> [What to work on]: With pictures left out, output exactly the lines of the listing below from the line that has "- OVEN & DISHWASHER" to the line that has "This casual sweater", both lines kept.

START Task input

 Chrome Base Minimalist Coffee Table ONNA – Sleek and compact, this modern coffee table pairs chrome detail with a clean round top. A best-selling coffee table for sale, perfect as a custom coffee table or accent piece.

END Task input
START Task input

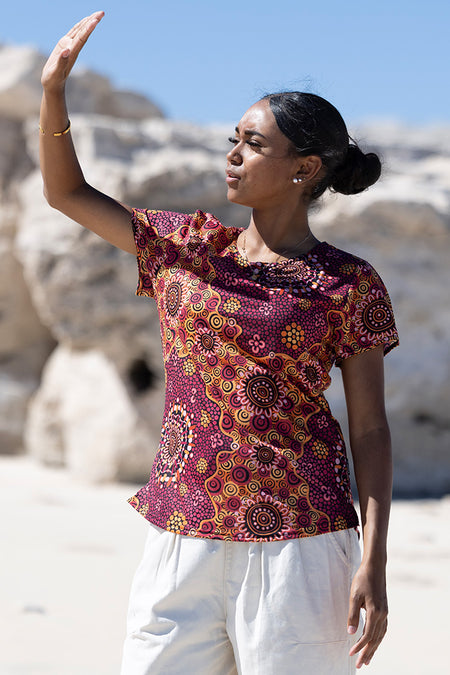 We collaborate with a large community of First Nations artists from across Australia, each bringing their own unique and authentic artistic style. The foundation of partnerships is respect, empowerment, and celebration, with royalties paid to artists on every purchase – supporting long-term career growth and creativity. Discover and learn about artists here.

END Task input
START Task input

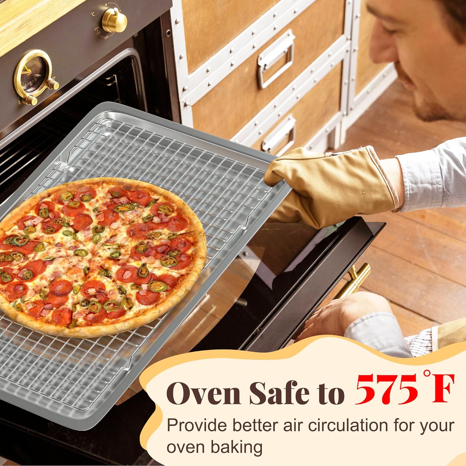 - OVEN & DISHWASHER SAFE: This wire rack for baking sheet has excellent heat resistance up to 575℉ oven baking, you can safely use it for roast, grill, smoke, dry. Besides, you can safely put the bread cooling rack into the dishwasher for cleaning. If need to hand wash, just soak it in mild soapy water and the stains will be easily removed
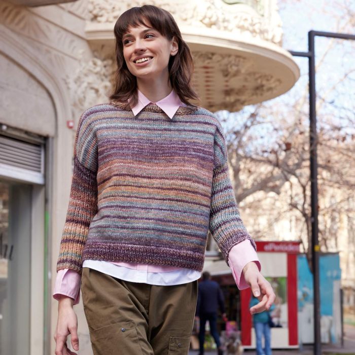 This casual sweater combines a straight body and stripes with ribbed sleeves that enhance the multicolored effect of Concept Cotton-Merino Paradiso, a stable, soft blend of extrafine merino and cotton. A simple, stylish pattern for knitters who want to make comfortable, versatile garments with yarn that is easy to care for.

END Task input

> [Answer to the problem]:
 - OVEN & DISHWASHER SAFE: This wire rack for baking sheet has excellent heat resistance up to 575℉ oven baking, you can safely use it for roast, grill, smoke, dry. Besides, you can safely put the bread cooling rack into the dishwasher for cleaning. If need to hand wash, just soak it in mild soapy water and the stains will be easily removed
 This casual sweater combines a straight body and stripes with ribbed sleeves that enhance the multicolored effect of Concept Cotton-Merino Paradiso, a stable, soft blend of extrafine merino and cotton. A simple, stylish pattern for knitters who want to make comfortable, versatile garments with yarn that is easy to care for.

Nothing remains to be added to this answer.